То сами же бояре посадили себе на голову Анну Иоанновну, одну из дочерей слабоумного брата Петра, Ивана, громадную бабищу, толком ничего не понимающую в управлении государством, и она отдала власть в руки немецкому конюху Бирону. То взошла на правление Анна Леопольдовна, венчав в двухмесячном возрасте своего сына, десятую воду на киселе от родни Петровой.
Ладно хоть Елизавета была плоть от плоти Петровой, да и то сказать – незаконнорожденная. Что ж так не везет России, отвернулся Бог от нее, наказывает русских людей такими царями да государями? А теперь вот и вовсе немецкая принцесса…

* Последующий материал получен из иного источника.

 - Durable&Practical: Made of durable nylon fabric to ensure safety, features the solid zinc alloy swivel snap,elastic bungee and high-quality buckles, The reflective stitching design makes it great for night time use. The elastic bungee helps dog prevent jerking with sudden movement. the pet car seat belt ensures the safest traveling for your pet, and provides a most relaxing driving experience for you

Мрачные мысли одолевали Петра Ивановича, он рвался быстрее в столицу, поговорить с братом, узнать его мысли, узнать о всех подробностях.

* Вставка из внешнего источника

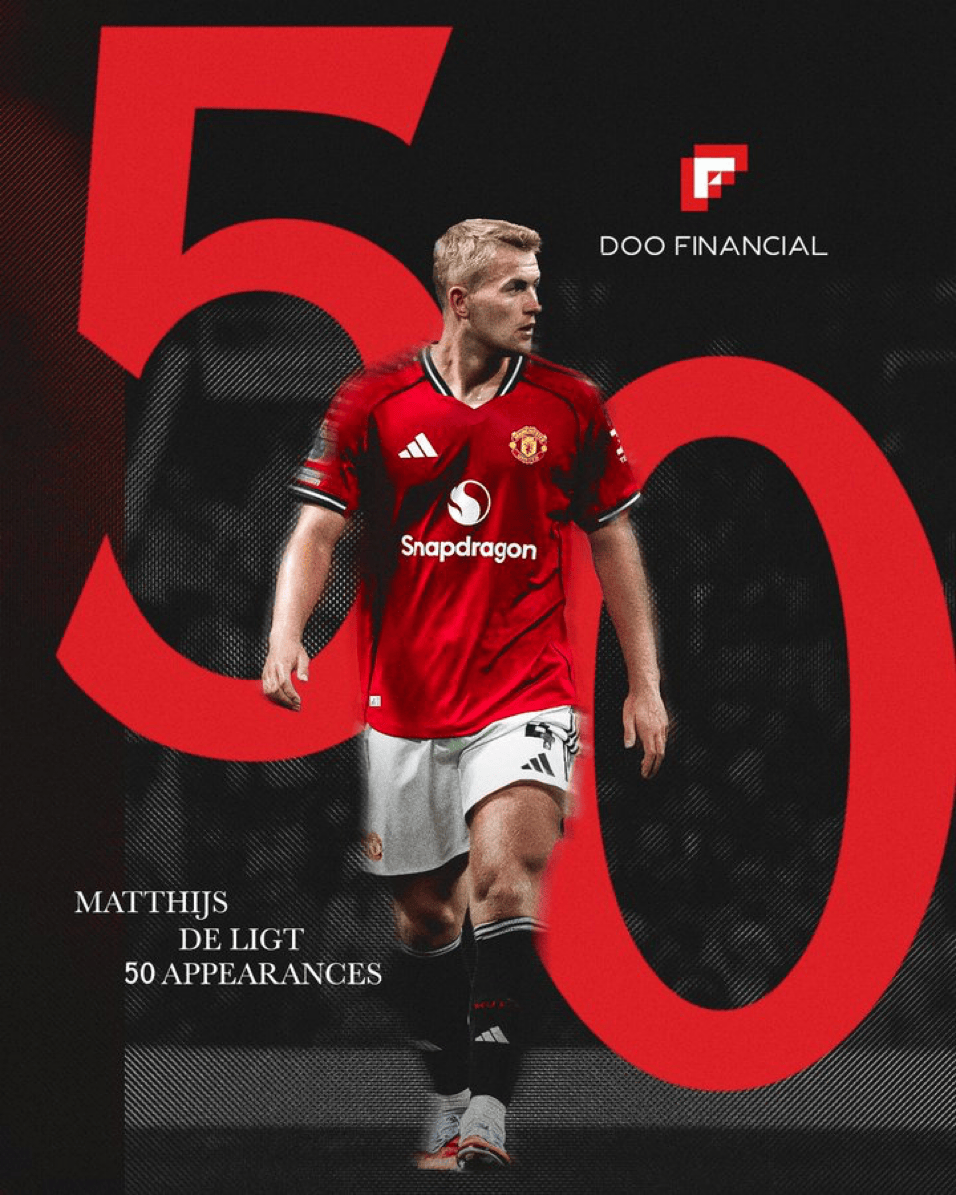 这是德里赫特曼联生涯的第50场比赛,俱乐部官方发布海报纪念了这一里程碑时刻。

Но подготовка к свадьбе, да и дела в Везовне все оттягивали и оттягивали отъезд.
А в Везовне все было настолько худо, что Петр Иванович пришел к девушкам с просьбой, не одолжат ли Василия для управления и его деревней. Вора–управителя он прогнал, но заменить его некем, а приглашать кого‑то пришлого не хотелось: человек должен знать и нужды, и просьбишки крестьян, не жать их больно, а давать и послабление, и передышку, но и господские дела держать в исправности. Он давно уже присматривался к Василию и завидовал его хваткой домовитости, хозяйской сметке и совестливости…
Маша ничего не сказала в ответ на просьбу, а Анна рассудила, что решать то самому Василию – он человек вольный, что захочет, то и будет.

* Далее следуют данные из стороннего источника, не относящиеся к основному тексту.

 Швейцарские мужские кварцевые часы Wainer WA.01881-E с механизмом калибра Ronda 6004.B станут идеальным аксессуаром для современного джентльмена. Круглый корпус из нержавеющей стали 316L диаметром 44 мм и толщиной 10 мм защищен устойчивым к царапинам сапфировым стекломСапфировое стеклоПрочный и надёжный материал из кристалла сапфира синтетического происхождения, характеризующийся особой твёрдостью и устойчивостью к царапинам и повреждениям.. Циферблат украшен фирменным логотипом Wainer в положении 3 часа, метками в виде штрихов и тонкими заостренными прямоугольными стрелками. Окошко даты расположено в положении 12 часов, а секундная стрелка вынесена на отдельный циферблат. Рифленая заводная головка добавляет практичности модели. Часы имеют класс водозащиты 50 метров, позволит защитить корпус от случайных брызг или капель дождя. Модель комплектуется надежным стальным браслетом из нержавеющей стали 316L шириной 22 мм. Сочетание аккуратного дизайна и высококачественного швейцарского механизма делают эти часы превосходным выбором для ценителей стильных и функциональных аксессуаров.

Петр Иванович призвал Василия, изложил ему свою просьбу и теперь ждал ответа.
Василий долго мял в руках шапку, снятую перед господином, – не привык еще разговаривать на равных, а потом, вздохнув, сказал:
– Можно бы и на две деревни, да только помощники нужны, а в грамотишке крестьяне бессильны…
Анна нахмурилась.
– Что, во всей деревне нет грамотных? – спросила она.
– Да ведь откуда? – удивился Василий ее наивности. – В приходском доме у попа дети крестьянские учатся только Закону Божию, а грамотой и сам поп владеет плохо…
Анна изумилась и встревожилась.
– Да и зачем крестьянину грамота, – рассудительно заметил Василий, – разве что счет нужен, так и ему в семьях научают…
– Василий, – волнуясь, заговорила Анна, – мы же знаем грамоту, нас обучали всему, что есть первого в мире. Знания наши втуне пропадают. Что, если бы я, к примеру, решилась детей крестьянских научить да тебе в помощники определить?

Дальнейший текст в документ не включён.